Wednesday, March 31, 2004

That's Right Folks, I Have Contracted A Mild Form of Self Control!

Yes, it can be done. Who knew?

Today I got lucky and the car was available to me to go to class. I left a little early, and since all that was happening in class was some presentations, I decided it was my time to sit and do some word problems. I went into Chapters, picked up a word puzzle book, the latest edition of Fast Company, and went on my way. But Winners was right there. Calling me, no YELLING at me to at least come in and check things out. I did after all just come into a little cash and some of it should be spent on me right?

Wrong. I'm going to NY in the summer and while I fully intend on picking out some nice new clothing for the trip, I also wanted to make sure I got it rather close to the trip. I went to Winners, and for the first time EVER walked out empty handed.

Clothes were talking at me from every angle, one skirt said "You want me, and you would look oh so nice in me" all the while a pair of $29 Steve Maddens were screaming as if near death "YOU NEED ME TARA!" I ran to another aisle only to be bombarded by an adorable pant suit with matching top that would be perfect for spring.. 100 bucks in total, but no.. I ran, I ran out of the store, into my car with the immediate need to smoke. So I did.

I expressed some level of self-control I didn't even know I had. YAY for me!

Someone should call the press, this is truly a momentous occasion.. I even opted to go to class instead of shopping... wow.

Hope all is well in your world...

Thursday, March 18, 2004

When Hard Work Pays Off

Have you ever put your blood, sweat, and tears into something only to see it actually succeed beyond your expectations? I had this happen to me this week... and I am officially thrilled. I can not provide too much detail because I have been sworn to secrecy regarding this issue until sometime next week - but I know that I know that I know that I did wonderful on something I worked hard on. To see it pay off tickles me to the core. Pride is a dangerous thing though, so while I will remain quietly proud, I will also shelve the excess pride - if it goes to my head, it will be more problematic than it is worth. (Note: there are wise words of wisdom in there.. if you can find them, you will be better of for noticing)

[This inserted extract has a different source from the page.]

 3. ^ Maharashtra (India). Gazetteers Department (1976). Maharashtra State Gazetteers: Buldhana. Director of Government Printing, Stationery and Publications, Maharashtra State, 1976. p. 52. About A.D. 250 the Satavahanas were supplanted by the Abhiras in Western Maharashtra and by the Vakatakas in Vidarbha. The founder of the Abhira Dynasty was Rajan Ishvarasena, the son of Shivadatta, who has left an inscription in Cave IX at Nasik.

Hope all is well in your world

Tuesday, March 09, 2004

The Nose is a Funny Thing

Any psychologist will tell you that the area of your brain that processes smell is quite close to where your memories are held. Hence why smells can bring you back to a memory.

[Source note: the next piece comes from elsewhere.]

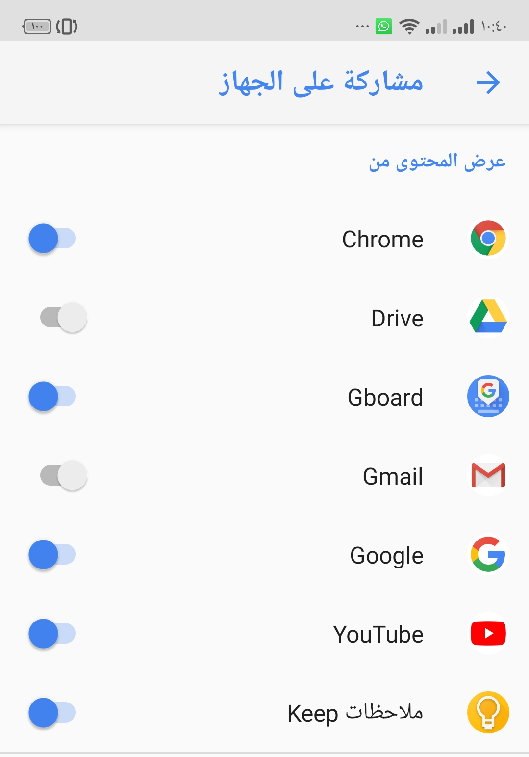 افتراضيًا، يتم تعيين جميع تطبيقات Google للسماح بالمشاركة على الجهاز.

I just got a waft of my Dad that reminded me of being very little. It was a fond memory. As an adult, I can tell its a combonation between Dial soap, coffee, and cologne. But to me its "Daddy in the morning." The sad thing is that when I move away I may never smell that particular smell again. The neat thing is, I just happened to be up early enough to catch it. And it made me smile.

Friday, March 05, 2004

March 4

For the past 6 years March 4th has always been a week long ordeal. I lost a baby by miscarriage on March 4, 1997. It was one of the most stressful and heartbreaking times in my life. While this event was very much necessary for me to have the future I am now able to have, it was still something that lived with me. I would usually spend the week before in a mood, and I never realized why until half-way through that week. Then I acknowledged it and spent the day by myself.

Today I forgot.

I have been so wrapped up with other events in my life... the master budget project, the od field project, the ethics midterm... that I actually forgot. Until Kat called me to say that she had been thinking about me and reminiscing and that she was still sorry we never got to know Baby Shaela.

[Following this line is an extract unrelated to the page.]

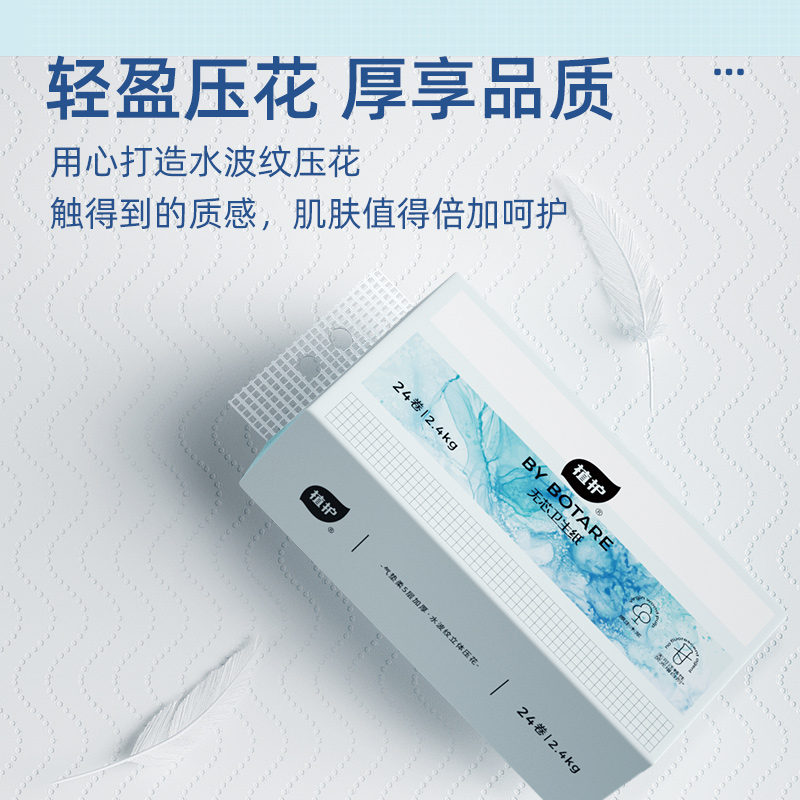 商品名称:【物业推广专用】植护 气垫无芯卫生纸(碎冰蓝系列)115*120/5层 100g 24卷/提*50提

And then I realized I had forgotten. It is a weird feeling I feel right now. I feel sad that I forgot. I also feel good that my heart has healed enough not to be broken every year on March 4th. But more so, I am sad that I didn't acknowledge it for myself. It is a very healing thing for me to acknowledge what wasn't meant to be, and in the end was right. It restores my faith in fate, and in God. Because I truly believe that through that little baby he taught me a little bit of responsibility. And through that responsibility I am where I am today. A little life that made me a better person in the end.

I'm sorry I forgot. Perhaps next year I will remember, in the silence of my soul. Acknowledge her short life, and be grateful for the easier road I have been able to take.